8. Any controversy relating to this Agreement and not resolved by the Board of
Directors and the Employee shall be settled by arbitration in the City of
Boston, Commonwealth of Massachusetts, pursuant to the rules then obtaining
of the American Arbitration Association, and judgment upon the award may be
entered in any court having jurisdiction, and the Board of Directors and
Employee agree to be bound by the arbitration decision on any such
controversy. Unless otherwise agreed by the parties hereto, arbitration
will be by three arbitrators selected from the panel of the American
Arbitration Association. The full cost of any such arbitration shall be
borne by the Company.
9. Failure to insist upon strict compliance with any of the terms, covenants,
or conditions hereof shall not be deemed a waiver of such term, covenant,
or condition, nor shall any waiver or relinquishment of any right or power
hereunder at any one or more times be deemed a waiver or relinquishment of
such right or power at any other time or times by either party.

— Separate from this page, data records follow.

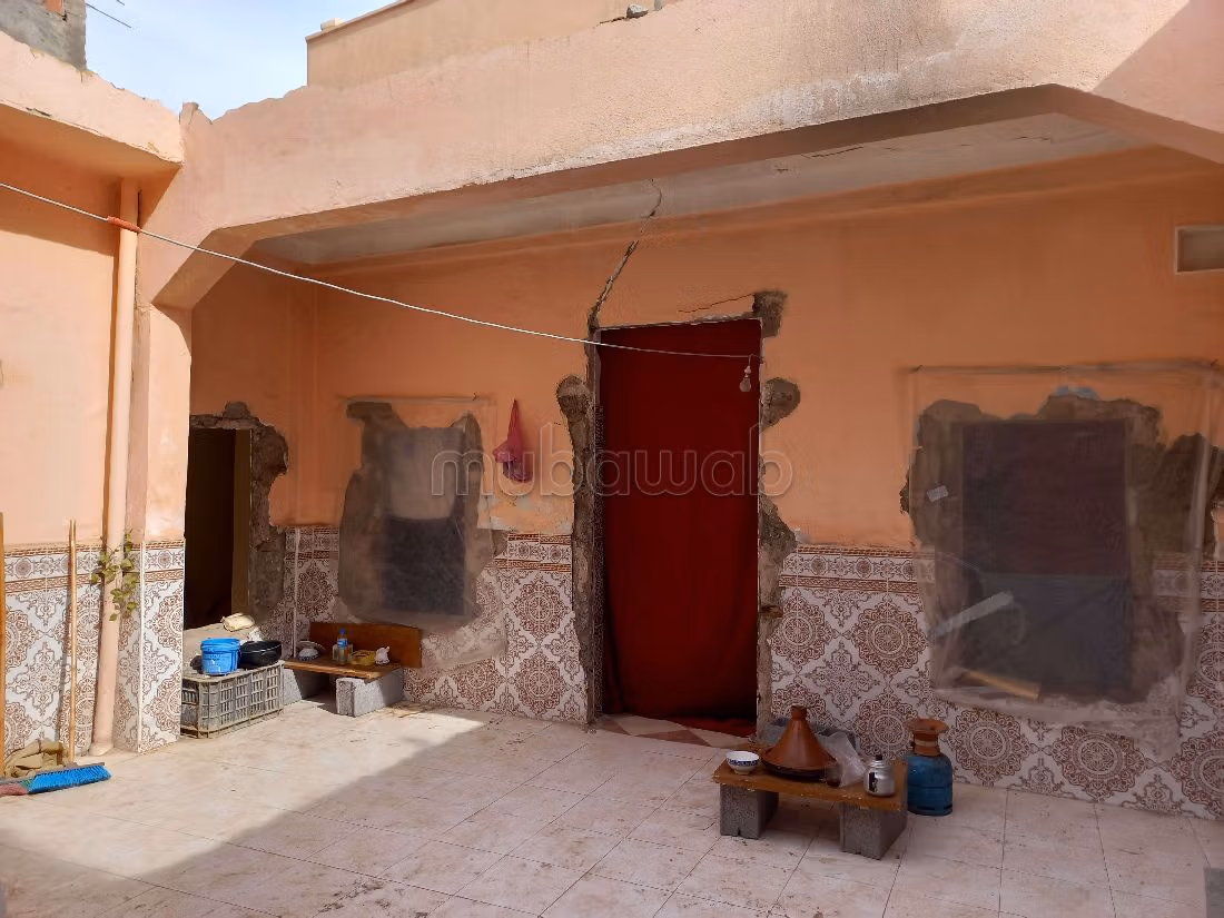 Riad en état moyen, entièrement à rénover. Possibilité de réaliser une habitation complète avec 3 chambres, chacune avec salle de douche/ WC. Dans un beau derb, dans un quartier recherché. Accès facile, près des Tombeaux saadiens, commerces, restaurants et marché. Idéal pour pied-à-terre.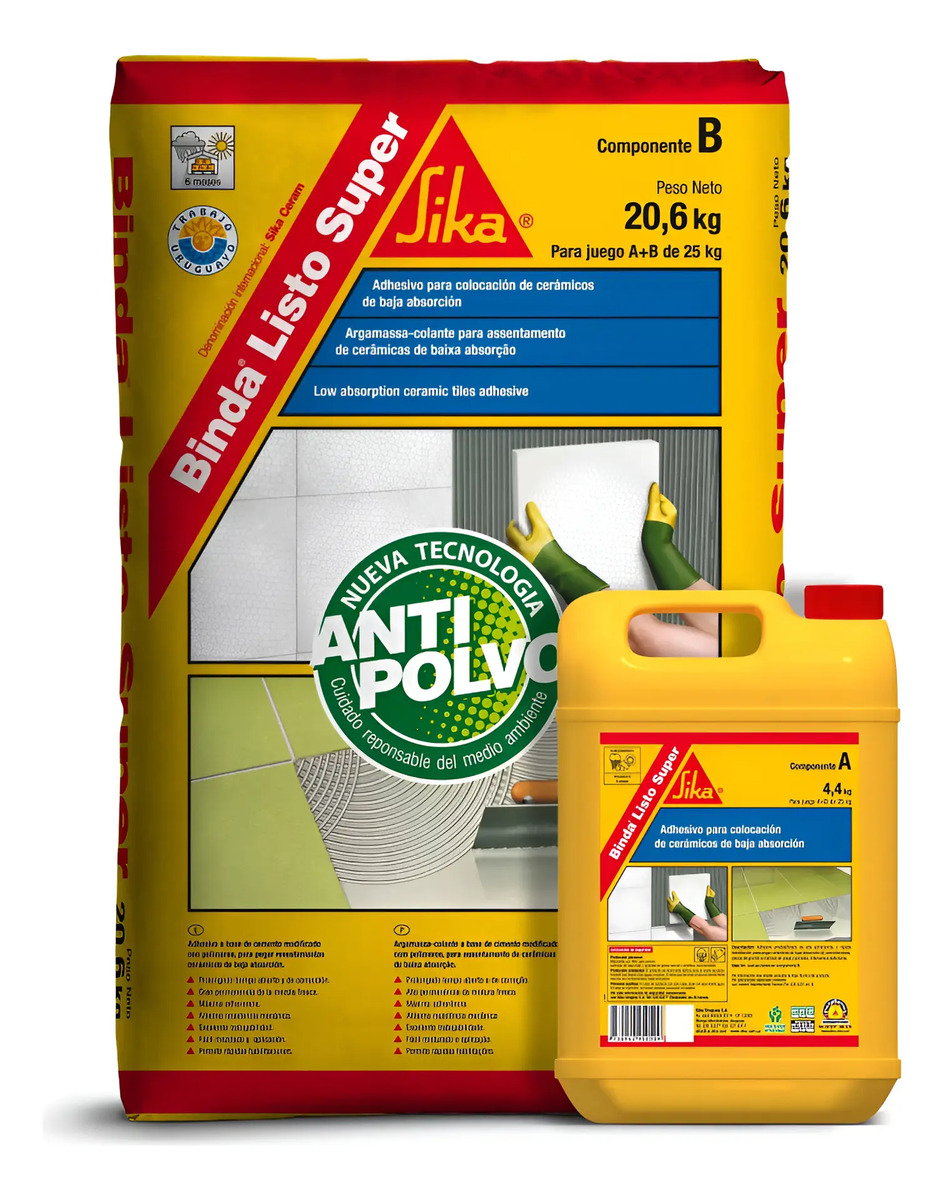 Adhesivo Cementicio Máxima Adherencia Sika Binda Listo Super’ es un adhesivo cementicio predosificado de dos componentes. Es perfecto para pegar cerámicos sobre cerámicos, en piscinas, losa radiante y para múltiples usos.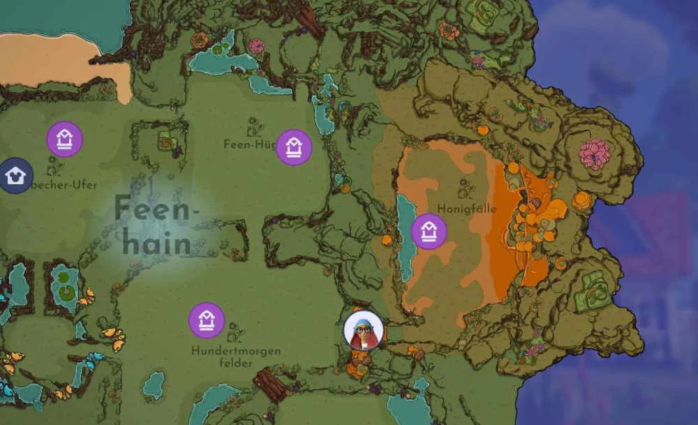 Mit Pegasus kannst du dort auf den Wind-Geisyr zureiten und wirst dann automatisch in die Honigfälle befordert. Einmal dort kannst du dann die Brücke aus Honig freischalten und die Honigfälle danach auch ohne den Flug mit Pegasus betreten. In dem Abschnitt steht auch wieder ein Brunnen, den du mit ein paar Sternenmünzen freischalten kannst. Danach kannst du dich in DDV bequem über die Karte und per Schnellreise in die Honigfälle teleportieren.

10. All notices or other communications hereunder shall be in writing and shall
be deemed to have been duly given when delivered personally to the Employee
or to the General Counsel of the Company or when mailed by registered or
certified mail to the other party (if to the Company, at 00 Xxxxxxx Xxxxxx,
Xxxxxxxxx, Xxxxxxxxxxxxx 00000, attention General Counsel; if to the
Employee, at the last known address of the Employee as set forth in the
records of the Company).
11. This Agreement has been executed and delivered and shall be construed in
accordance with the laws of the Commonwealth of Massachusetts. This
Agreement is and shall be binding on the respective legal representatives
or successors of the parties, but shall not be assignable except to a
successor to the Company by virtue of a merger, consolidation or
acquisition of all or substantially all of the assets of the Company. This
Agreement constitutes and embodies the entire understanding and agreement
of the parties and, except as otherwise provided herein, there are no
other agreements or understandings, written or oral, in effect between the
parties hereto relating to the employment of the Employee by the Company.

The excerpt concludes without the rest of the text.